Pengasuh Pesantren Ora Aji, Sleman, Yogyakarta tersebut mengaku sering menyaksikan di masyarakat, orang yang ngefans seorang kiai, tetapi tidak suka dengan kiai lain. Padahal menurut dia, ulama itu ahli waris para nabi yang jumlahnya ada 124.000, maka begitu jadi kiai warisannya berbeda-beda.


Lalu, mantan Ketua Rayon PMII di UIN Sunan Kalijaga Yogyakarta itu mencontohkan lebih lanjut. Ada yang dapat ‘warisan’ Nabi Daud, kiainya menjadi presiden, contohnya Gus Dur. Ada nabi kaya, yaitu Nabi Sulaiman.


Lalu ada kiai kaya seperti KH Asep Saifuddin Chalim. Ada nabi gagah, kuat, yaitu Nabi Musa. Lalu ada kiai gagah yaitu Gus Maksum Pagar Nusa. Ada Nabi Alim, yaitu Nabi Khidlir, Nabi Idris. Lalu ada kiai alim seperti Gus Baha, Gus Qoyyum, dan Kiai Said Aqil.


“Ada nabi ganteng. Siapa? Nabi Yusuf. Begitu turun (temurun) ada kiai ganteng. Siapa?” seloroh Gus Miftah, yang namanya langsung disahut hadirin sambil tertawa.

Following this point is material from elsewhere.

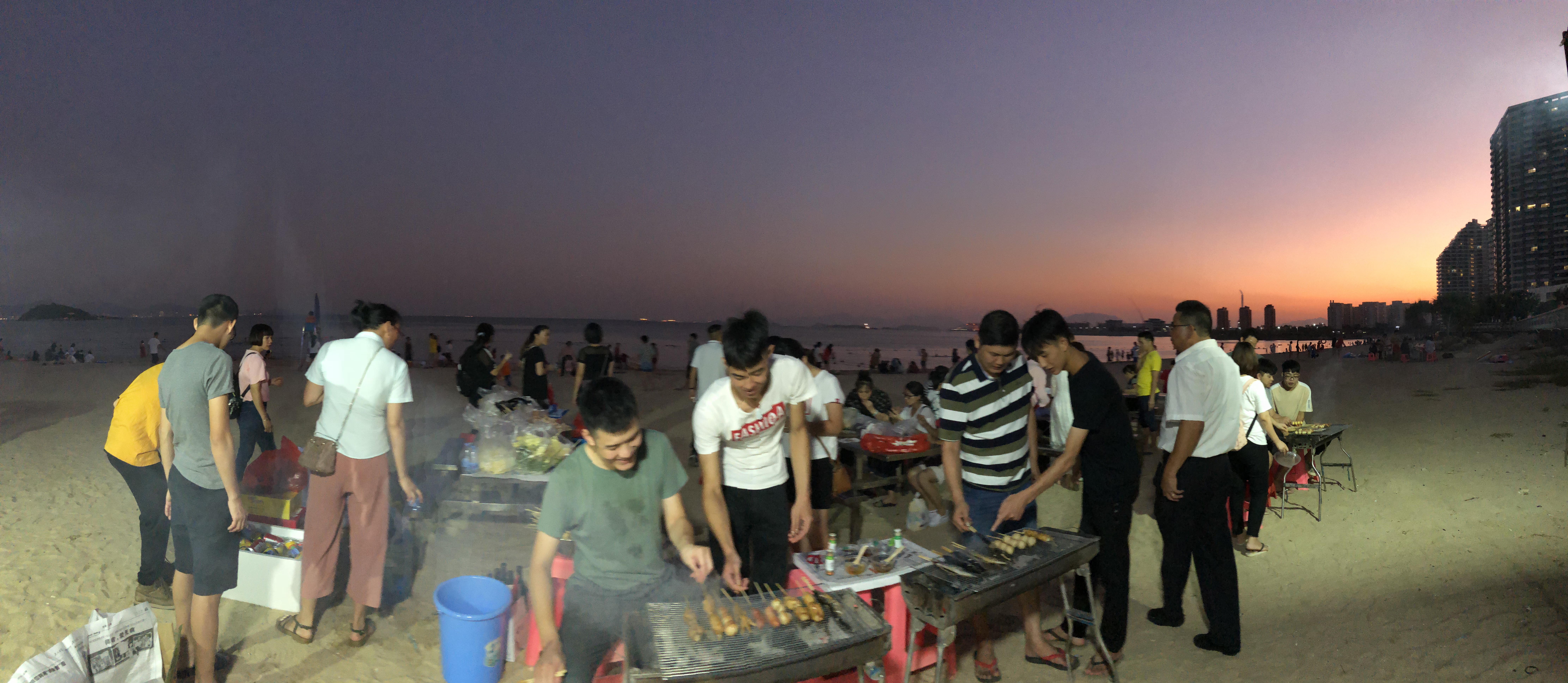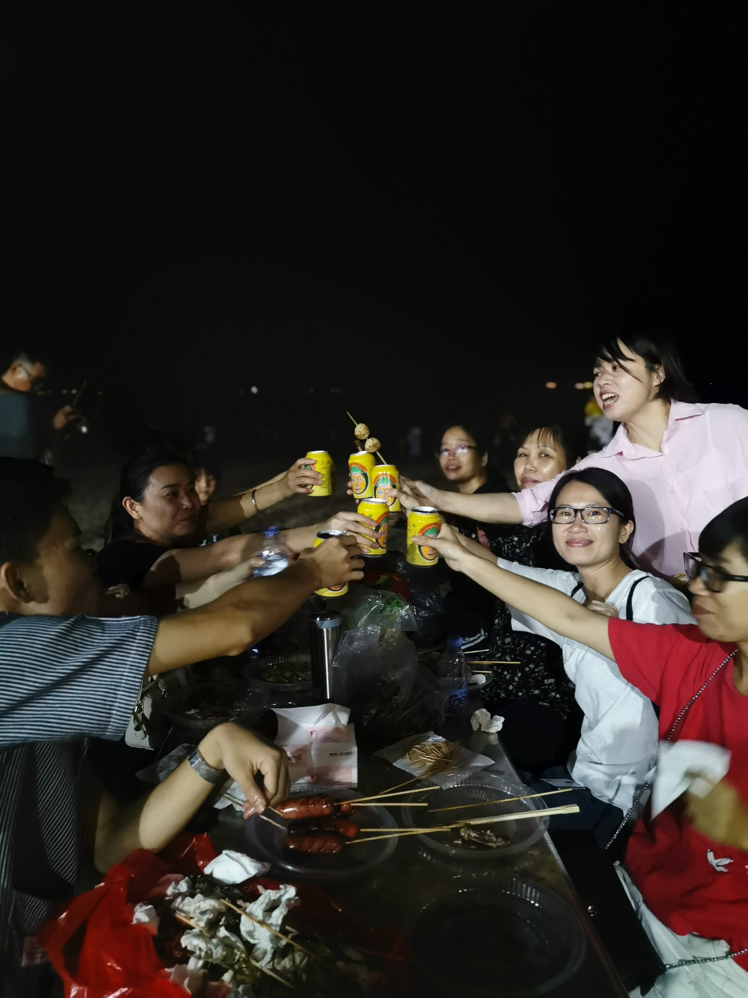 7點鐘正式舉行燒烤晚會,秋高氣爽,月光明媚,平風浪靜,是做燒烤的約會天氣??镜目?,吃的吃,喝的喝好熱鬧,大家沉浸在海邊沙灘的燒烤份圍中……小孩子在海灘上抓螃蟹,大人們在做游戲活動,如老鷹抓小雞等游戲活動。晚10點鐘左右,大家吃好了喝好了玩好了各自休息。

“Kiai itu kemampuannya sendiri-sendiri, jangan kemudian dianggap sama,” imbuhnya kembali mengingatkan kepada ribuan hadirin yang menyimak.


Pria yang pernah diberi gelar 'Presiden Para Pendosa' karena saking dekatnya anak-anak ‘dunia malam’ itu mengingatkan untuk mengambil yang baik tanpa perlu membandingkan.


Walikulli syai’in maziyyah, semua orang punya kelebihan masing-masing. Harusnya tidak membanding-bandingkan. Kamu ingin belajar ekonomi, kepada Kiai Asep. Kamu ingin mengurus orang nakal, belajarlah kepada Miftah. Kamu ingin belajar Al-Qur’an, kepada Gus Baha. Sehingga ilmumu komplit, tidak malah membanding-bandingkan,” tuturnya.


Kiai kelahiran 5 Agustus 1981 itu juga mengingatkan untuk berjuang sesuai kemampuan masing-masing. Punya ilmu, mengajar. Punya harta, bersedekah. Punya tenaga, bersedekah dengan tenaganya.


“Jangan jadi yang nomor empat: sudah tidak mengajar, tidak menyumbang (harta), tidak membantu (tenaga), (tapi) mulutnya cerewet,” sindirnya sambil tertawa.


Berbagi peran
Gus Miftah kemudian menjelaskan mengenai kiai bermodel sepertinya. Kiai itu idealnya berbagi peran dan tugas. Urusan pendidikan dan bisnis seperti Kiai Asep. Urusan organisasi pasrahkan kepada PBNU.


“Saya biar mengurus orang-orang yang tak pernah tersentuh oleh NU. Siapa, yaitu para artis, selebritis. Mau masuk Islam, ayo ikut saya. Kamu punya masalah, ayo tanya saya,” jelas pria yang identik dengan blangkon dan kacamata hitam itu.


Ia berharap, siapa yang punya ilmu untuk dengan ilmunya, termasuk guru. “Jadi guru di Indonesia itu susah. Apalagi belum PNS, gajinya sedikit. Maka murid jangan menyia-nyiakan guru,” ajaknya.


Sahabat Deddy Corbuzier itu mengajak agar murid hormat, cinta, dan memuliakan guru, seperti halnya Imam Syafii. Dikatakan, Imam Syafii yang bisa menjadi orang besar salah satunya karena hormat kepada gurunya: Imam Malik. Pun demikian dengan Imam Malik, cinta kepada Imam Syafii.


“Sampai puncaknya, Imam Malik bertemu dengan Nabi Muhammad saw, Nabi menitip salam kepada Imam Syafii,” pungkas Gus Miftah.